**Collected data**
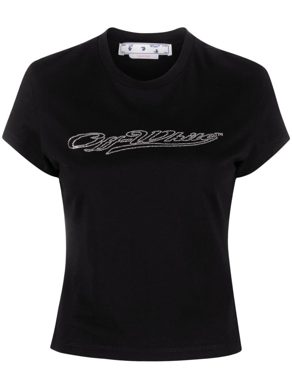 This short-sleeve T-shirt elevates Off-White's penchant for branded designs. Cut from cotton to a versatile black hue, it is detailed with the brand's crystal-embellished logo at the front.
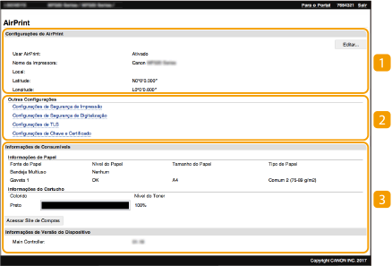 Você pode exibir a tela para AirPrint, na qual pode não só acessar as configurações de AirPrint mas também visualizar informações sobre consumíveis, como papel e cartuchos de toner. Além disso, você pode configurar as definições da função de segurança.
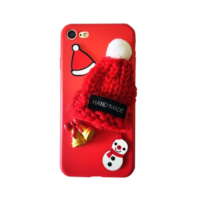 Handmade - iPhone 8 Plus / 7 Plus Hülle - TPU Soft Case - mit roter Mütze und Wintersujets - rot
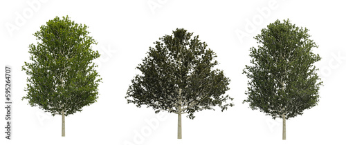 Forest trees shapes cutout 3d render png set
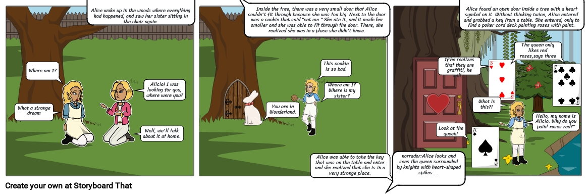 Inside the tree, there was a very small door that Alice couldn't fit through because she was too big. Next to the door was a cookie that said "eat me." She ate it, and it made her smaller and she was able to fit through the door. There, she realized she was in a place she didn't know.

**Assigned task**
Output all entries unchanged; skip the pictures.

**Task answer**
 This short-sleeve T-shirt elevates Off-White's penchant for branded designs. Cut from cotton to a versatile black hue, it is detailed with the brand's crystal-embellished logo at the front.
 Você pode exibir a tela para AirPrint, na qual pode não só acessar as configurações de AirPrint mas também visualizar informações sobre consumíveis, como papel e cartuchos de toner. Além disso, você pode configurar as definições da função de segurança.
 Handmade - iPhone 8 Plus / 7 Plus Hülle - TPU Soft Case - mit roter Mütze und Wintersujets - rot
 Forest trees shapes cutout 3d render png set
 Inside the tree, there was a very small door that Alice couldn't fit through because she was too big. Next to the door was a cookie that said "eat me." She ate it, and it made her smaller and she was able to fit through the door. There, she realized she was in a place she didn't know.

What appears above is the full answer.